The "Wild Frontier" tour group led us through the timeless Desert State of Rajasthan, India. This is fascinating beyond anything I`ve ever seen, and I`ve seen a sizable chunk of our planet.

Jaipur. We walked the old and new Jaipur, the Pink City. Crowded streets in a culture frenzy.We tour the Wind Palace and Royal Museum and their history of pampered and decadent Royalty. Finish Jaipur with an evening "walking tour" through narrow crowded bazaars and chaotic backstreets putting Jaipur`s economy in your face. A crazy sensory adventure.

Jodphur offers the imposing Mehrangarh Fort. A Fortress worthy of the "Game of Thrones". From the heights of this Fort the view of Jodphur shows the essence of the " Blue City".

Then we cross the sleepy little village of Jojowar. Here we discover the "faces of India". A treasure trove of Street Portrait Photos. This only makes me greedy for more.

And it`s only fitting to end the tour of a Desert state in a City of Lakes. Udaipur, "the Venice of the East". Here we watched Elephants walk through the streets as we ate lunch and then we dined under the stars and lights of an ancient City that can`t define a desert State but can refine a weary traveler.

We leave Udaipur for Goa which is another story for another time?

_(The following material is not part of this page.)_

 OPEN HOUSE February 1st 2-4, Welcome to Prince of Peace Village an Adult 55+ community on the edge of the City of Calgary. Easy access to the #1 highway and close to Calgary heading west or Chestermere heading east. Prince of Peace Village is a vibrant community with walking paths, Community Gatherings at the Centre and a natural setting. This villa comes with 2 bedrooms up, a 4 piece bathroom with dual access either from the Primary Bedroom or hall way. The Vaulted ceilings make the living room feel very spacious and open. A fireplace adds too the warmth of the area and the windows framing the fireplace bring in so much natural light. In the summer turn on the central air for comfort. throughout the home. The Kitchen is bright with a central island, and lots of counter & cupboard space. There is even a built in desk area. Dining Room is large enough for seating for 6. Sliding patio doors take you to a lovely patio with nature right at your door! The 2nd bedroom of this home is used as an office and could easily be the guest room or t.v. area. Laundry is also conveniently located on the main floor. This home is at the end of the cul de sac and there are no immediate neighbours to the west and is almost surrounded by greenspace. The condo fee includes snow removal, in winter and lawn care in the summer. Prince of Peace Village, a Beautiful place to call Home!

Capturing India at "the Taj"



“India is the cradle of the human race, the birthplace of human speech, the mother of history, the grandmother of legend, and the great grand mother of tradition. Our most valuable and most astrictive materials in the history of man are treasured up in India only!” Mark Twain

India is my inspiration for this tour of wonder in Agra and Rajasthan but don`t get me wrong. I understand and saw some of the challenges of a developing economy managing 1.3 billion people. There is pollution (Delhi smog-fog), desperate poverty and cow shit around every other corner but that`s not the India that I focused on. That aspect of the subcontinent has it`s time and space in many media forms but I`m dialed into the timeless adventure of travel in a world of people, karmic history and it`s creations. Here we discover superstition, spiritual conundrums, camels and elephants caught in the rise of a future force of this world`s economic drama.

We start our quest in Delhi where a deep breath of fog-smog gets me choking on environmental consequences for development. Air pollution plagues New Delhi like Beijing and apparently there has not been much progress for years in any acceptable clean up. Choke on that but obviously progress is always complex in any large Industrial evolution as evidenced by the enormous rise of solar power in the nearby Indian State of Rajasthan. Some yin and yang for the environment of India. This is a shame amidst the history and people watching energy that Delhi offers, but for me it`s only a connection for a short trip to Agra and the Taj Mahal. Let`s see what this part of our planet has to offer?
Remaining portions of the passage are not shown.